A administradora Lígia Lemos da Costa, de 49, teme pelo futuro da filha, Amanda Costa, de 18, que estuda em escola particular da capital. “Fiquei apavorada com a notícia. Minha filha vai tentar engenharia química, que foi um dos mais concorridos deste ano, e, agora, a tendência é piorar. Ela terá de fazer o caminho inverso também: provas em outros estados, para garantir uma vaga em federal. Senão, o jeito será estudar em uma universidade particular”, diz.
Tira-dúvidas
O que é o Sisu?
» É um sistema informatizado do Ministério da Educação, por meio do qual instituições públicas de educação superior oferecem vagas a candidatos participantes do Enem.
Quem pode se inscrever?
» Todo estudante que participar do Enem e obtiver nota superior a zero na redação. Algumas instituições exigem nota mínima para determinados cursos. É necessário informar o número de inscrição e a senha usados no Enem do ano em questão.
Como é feita a inscrição?
» A inscrição é feita somente pela internet e não tem taxas. O candidato pode simular várias vezes, mas se inscrever em até duas opções de cursos, que podem ser da mesma instituição ou de universidades diferentes.
Quantas vagas o Sisu oferece?
» Para a primeira edição de 2013 foram 129.319 vagas espalhadas pelo país.
O que deve fazer Quem já tem um curso superior e quer obter novo título?
» Na UFMG, esses candidatos faziam a segunda etapa como avaliação para conseguir a vaga em um novo curso. Agora, terão que fazer o Enem e as notas serão avaliadas pela instituição, sem passar pelo Sisu.
Há oferta de vagas para cursos na modalidade de ensino a distância no Sisu?

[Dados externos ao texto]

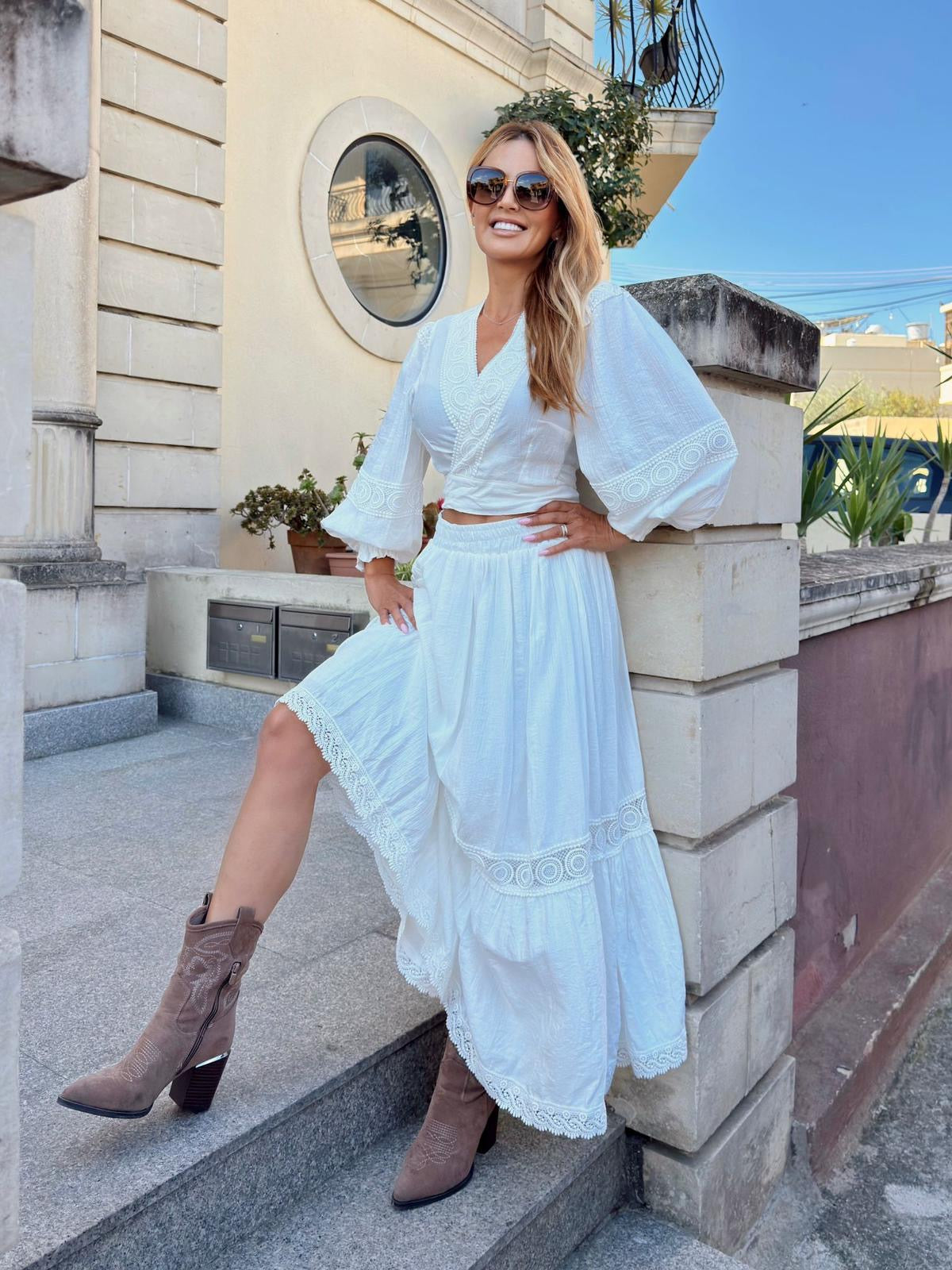 White two-piece set featuring a tie-front crop top with puff sleeves and intricate lace trim, paired with a flowing tiered maxi skirt.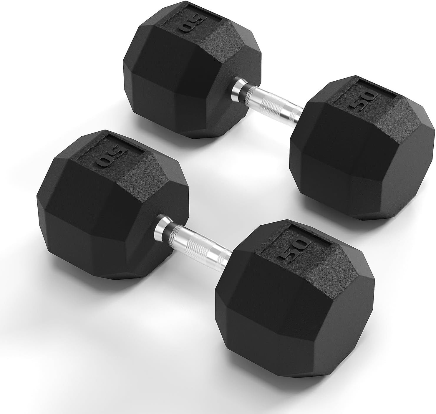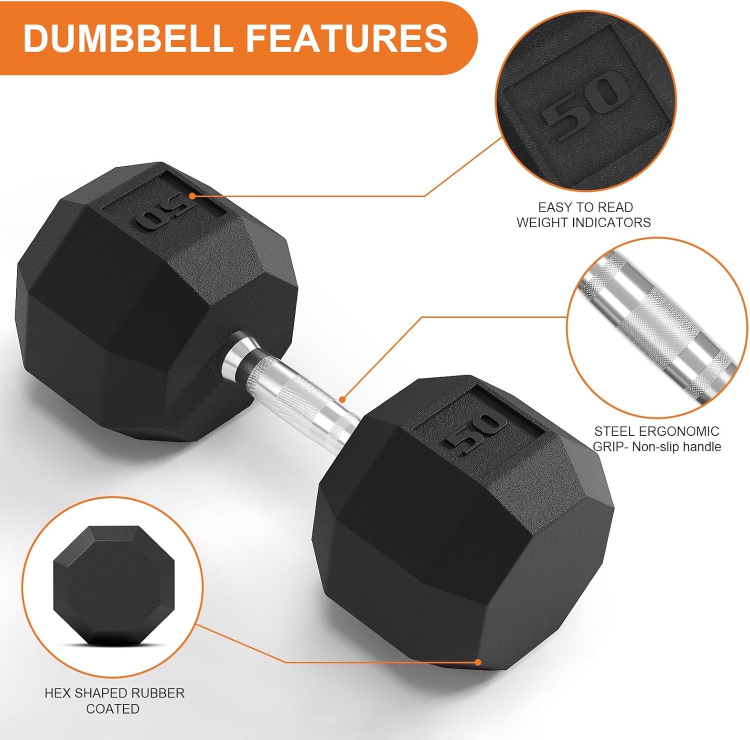 Rubber Coated Hex Dumbbell Weight Set, Multiple Sizes Exercise & Fitness Dumbbells,100LB Set,110LB Set,200LB,350LB,450LB,550LB, 35-50Lbs Pairs for Muscle Toning, Strength Building & Full Body Workout
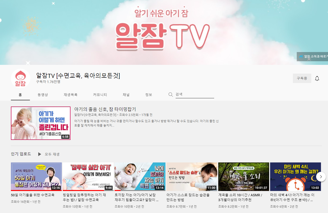 아기들의 수면만을 연구하는 아주 전문적인 채널입니다. 소아청소년과 전문의 선생님과 2명의 엄마가 콘텐츠를 진행합니다. 신생아 키우기, 사실 잠과의 전쟁이죠. 저도 새벽에 제가 어떻게 버티고 있는지 모르겠습니다. 그래도 요즘엔 밤잠이 조금씩 길어지고 있어서 한 번만 일어나 수유를 해주면 되는데요. 문제는 낮잠이 줄어들고 있다는 거예요.

» Não. O processo seletivo é somente para vagas de cursos presenciais.
Qual foi a concorrência no último processo?
» A média foi de 15 candidatos/vaga, com 1,9 milhão de inscritos. O segundo curso mais procurado este ano foi medicina da Universidade Federal de Juiz de Fora: para as 127 vagas ofertadas, se inscreveram mais de 12 mil pessoas.
Quantas universidades estão inscritas?
» São 101 instituições, sendo 43 universidades federais, 38 institutos e dois centros de educação tecnológica, uma faculdade federal e 17 institutos estaduais
Quais universidades mineiras participam?
» Além da UFMG, as federais de Ouro Preto, Viçosa, Lavras, Alfenas,
Juiz de Fora, Itajubá, Uberlândia e dos Vales do Jequitinhonha e Mucuri.
O que vai mudar no calendário escolar?
» As escolas e cursinhos terão que reorganizar o calendário. Agora, alunos não precisarão intensificar os estudos nas questões abertas e as aulas de dezembro e janeiro devem ser extintas.